The next two stories are tied together.  Numata gets an apartment for cheap when the landlord can’t rent it out due to a body being left to rot for a month inside.  He’s kind of scared by a human-shaped stain on the ceiling, and that’s fair, because it’s pretty freaky-looking.  After awhile, another body shows up and needs special counseling in order to talk, which means they take it to a psychiatrist and use Karatsu to converse between the psychiatrist and the body.  There is a Kaspar Hauser reference, which I thought was awesome, but not quite as awesome as the psychiatrist who was willing to talk to the body.  It turns out that there is a man wandering around, possibly undead, who may be killing people and may bear a resemblance to the spirit that lives with Karatsu.  Any hints about that spirit are very welcome, and we get several allusions to it in this story (via a flaming body, among other things), and the short stories in the back of the volume.

The short stories in the back are set far into the past, leaving the current storyline on a severe cliffhanger.  We find out a lot about a boy with scars on his face, but it’s unclear about whether he’s connected to Karatsu’s spirit or the villain from the last story.

All I know is that I’m ready to find out some major plot points about Karatsu’s spirit.

I love this series.  I really genuinely enjoy reading each volume of it at this point.  There isn’t very much forward momentum, but it is extremely entertaining, and the formula is just so weird that I feel it could go on like this for a long time.

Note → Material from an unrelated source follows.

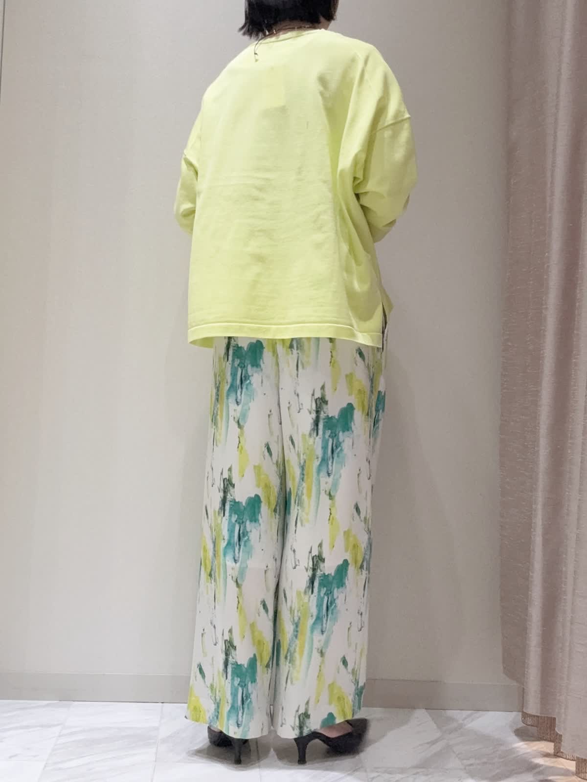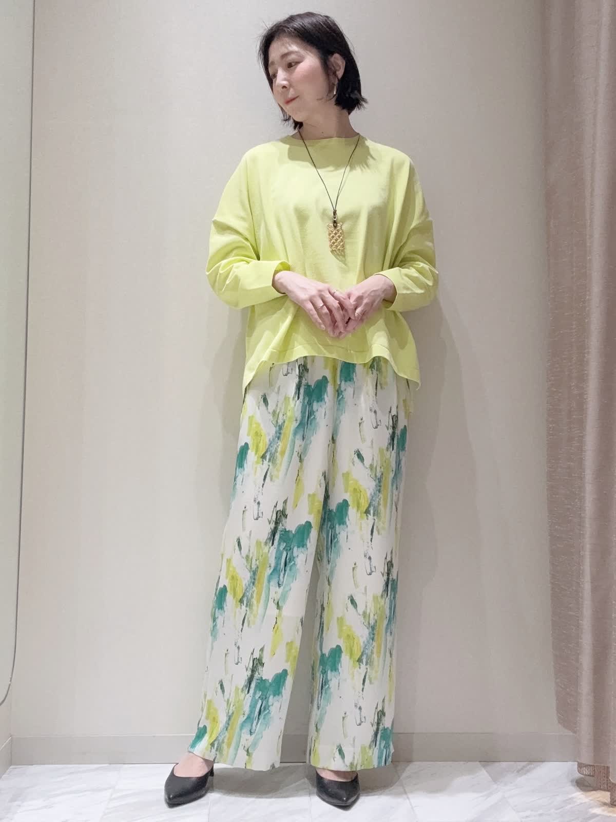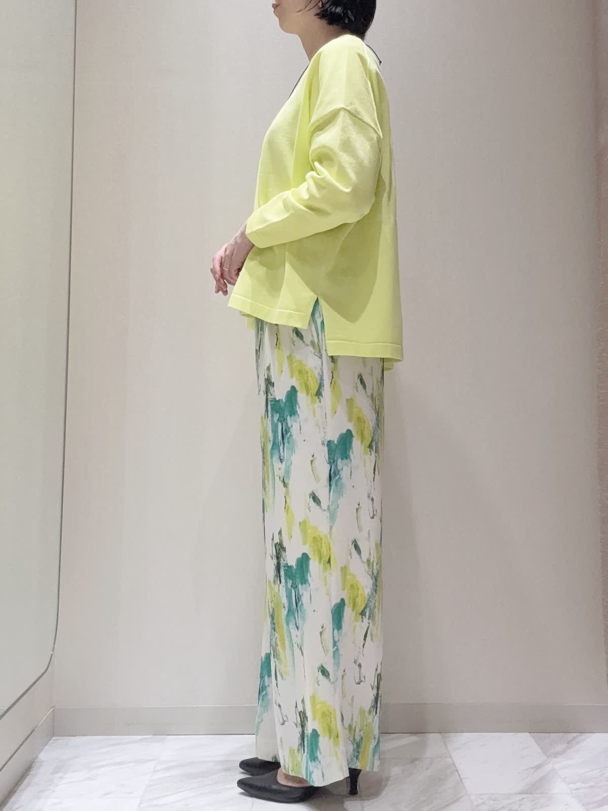 【着用サイズ】全て:9号 【着用カラー】ニット: ビビットイエロー パンツ: 柄 たっぷりとしたサイジングで一枚でもこなれ感を演出できる大人ニット。キレイ見えする表情と、ほどよい厚み、ハリ感が特徴的なニットで、オーバーサイズに袖付けをドロップショルダーにすることで抜け感を演出しています。また、サイドスリット入りのデザインなので、裾のアレンジが効き様々なコーディネートを楽しんでいただけます。

There is a decidedly Egyptian bend to this volume.  The first story is extremely detailed-oriented in all aspects of the burial ceremony.  The corpse that is recovered at the beginning of the chapter can’t speak through Karatsu, and this is because the mouth-opening ceremony hasn’t been performed.   There are lots of other cool details like that where I always feel like I learn something about the burial procedure when reading.  In a later chapter, there is a lengthy explanation about how bodies can turn into soap in the right conditions, which apparently includes every embalmed body in the US.

In addition to the reappearance of the Nire Ceremony company, there is also an old woman who claims “the dead call out to her” who is hired on by Kurosagi and is apparently a professional funeral mourner.  She can get everyone at a service to cry somehow, including the main characters.  She apparently helped deliver a baby at one point too, which may be explained a bit later on in the series.  We also get a little more of an explanation behind the ghost that appears behind Karatsu often, too.  There’s also a new employee at Nire who has a prominent role… but he’s a little corny.  He seemed to take an interest in Karatsu, so maybe he’ll be important later, too.